General methods

2.1.1 Maintenance of human hematopoietic cell lines

Growth conditions. I cultured K562 and Raji B (wildtype or CDK9^as) cells (Table 13) in accordance with the DSMZ Cell Culture standards in RPMI 1640 medium containing 10 % heat inactivated fetal bovine serum (FBS), and L-glutamine or 1 x GlutaMAX supplement at 37 °C in a humidified 5 % CO2 incubator (Table 14). For short term storage, cells were stored at -80 °C. For long term storage, cells were stored in liquid nitrogen. The freezing medium is described in Table 14. For each working stock, a growth curve was generated. Cell morphology was frequently controlled by light microscopy. All three cell lines used in this study displayed the phenotypic properties, including morphology and proliferation rate, that have been described in literature.

Authentication. K562, Raji B wildtype and Raji B (CDK9^as) cell lines were verified by Dr. Wilhelm Dirks (Leibniz Institute DSMZ, Molecular Biology group). DNA profiling was carried out using 18 different and highly polymorphic short tandem repeat (STR) loci.
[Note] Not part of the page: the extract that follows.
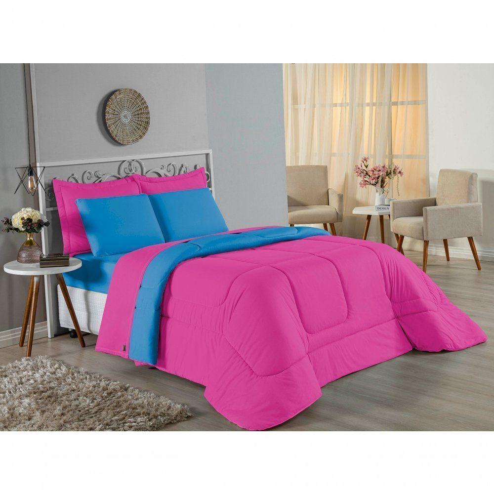 Edredom Queen Nobre 1 Peça Dupla Face 2,20m X 2,40m Malha 100% Algodão - Pink / TurquesaGaranta o aconchego que sua cama Queen merece com o Edredom Queen Nobre. Uma peça essencial para quem busca a combinação ideal entre o conforto térmico e a suavidade incomparável do algodão em fio penteado.Por que o Edredom Queen Nobre é uma ótima escolha?- Toque de Malha Premium: Confeccionado em 100% Algodão com Fio 30/1 Penteado, oferece uma sensação de abraço, sendo extremamente macio ao toque.- Design Dupla Face: Com acabamento liso em ambos os lados, permite diversas composições na decoração do quarto, unindo praticidade e estilo.- Qualidade Superior: O processo de fio penteado garante um tecido mais uniforme, resistente e livre de bolinhas, mantendo a beleza da peça por muito mais tempo.- Conforto Térmico Ideal: O enchimento em fibra de poliéster siliconada proporciona o volume certo para aquecer sem pesar, garantindo noites de sono perfeitas.Produto composto por (Total 01 Peça):01 Edredom Queen Dupla Face 2,20m x 2,40mComposição:Tecido: Malha 100% Algodão - Fio 30/1 PenteadoEnchimento: 100% Poliéster Siliconada

All three cell lines were derived of pure human cell cultures and had full-matching STR profiles, as indicated by a search of databases of cell banks ATCC (USA), JCRB (Japan), RIKEN (Japan), KCLB (Korea), and DSMZ (Germany) (international STR reference database) ⁴⁰⁹. The respective STR electropherograms are shown in Figure 5.

Mycoplasma testing. Tests were performed in-house by Dr. Anna Sawicka (MPI-bpc, Dept.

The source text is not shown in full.